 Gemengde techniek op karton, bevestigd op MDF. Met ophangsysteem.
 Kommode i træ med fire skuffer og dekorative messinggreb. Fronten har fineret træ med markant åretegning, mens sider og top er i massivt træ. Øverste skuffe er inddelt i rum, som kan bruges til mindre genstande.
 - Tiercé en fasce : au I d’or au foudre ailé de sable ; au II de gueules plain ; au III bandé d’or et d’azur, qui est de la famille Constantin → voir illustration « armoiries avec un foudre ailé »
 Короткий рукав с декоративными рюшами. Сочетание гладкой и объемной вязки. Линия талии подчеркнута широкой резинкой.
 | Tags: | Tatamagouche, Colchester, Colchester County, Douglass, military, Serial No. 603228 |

...

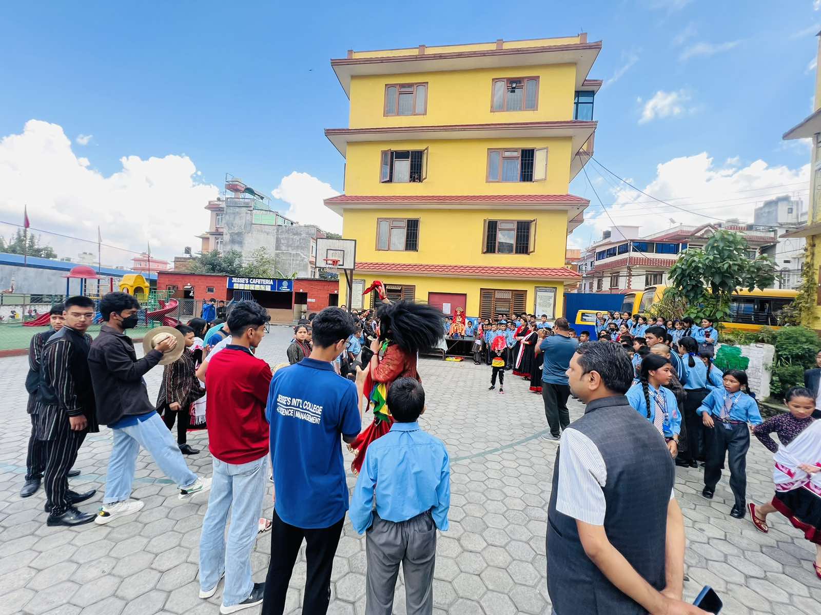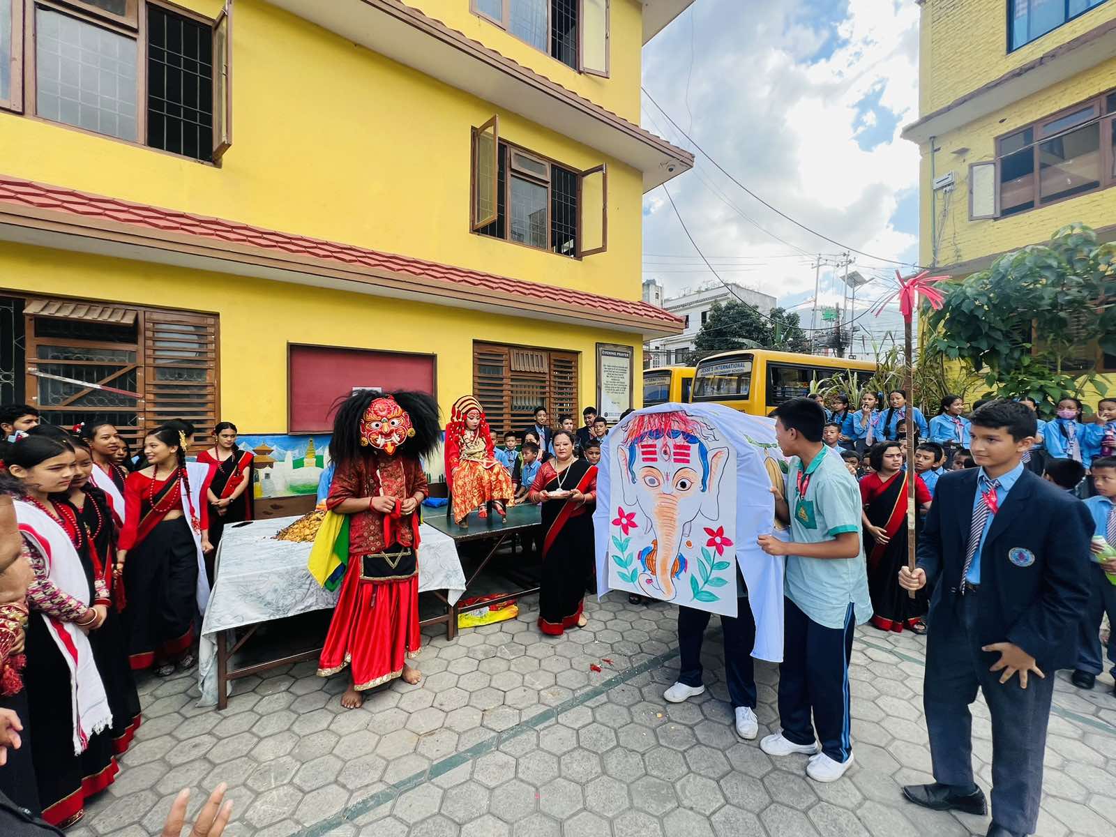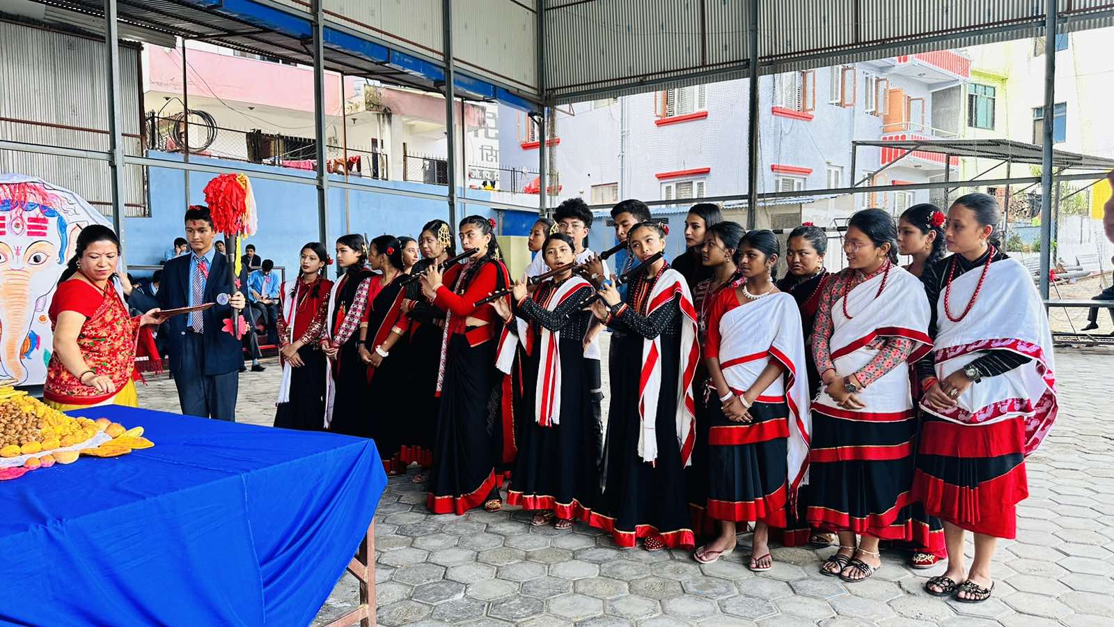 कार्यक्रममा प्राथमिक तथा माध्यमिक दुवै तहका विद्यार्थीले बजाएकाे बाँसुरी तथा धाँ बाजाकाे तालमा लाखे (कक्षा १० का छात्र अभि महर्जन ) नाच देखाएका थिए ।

> _WORK INSTRUCTIONS_
All lines above from the one with "Короткий рукав с" to the one with "No. 603228 |", inclusive, should be copied exactly, and no other lines.

> _REPLY_
 Короткий рукав с декоративными рюшами. Сочетание гладкой и объемной вязки. Линия талии подчеркнута широкой резинкой.
 | Tags: | Tatamagouche, Colchester, Colchester County, Douglass, military, Serial No. 603228 |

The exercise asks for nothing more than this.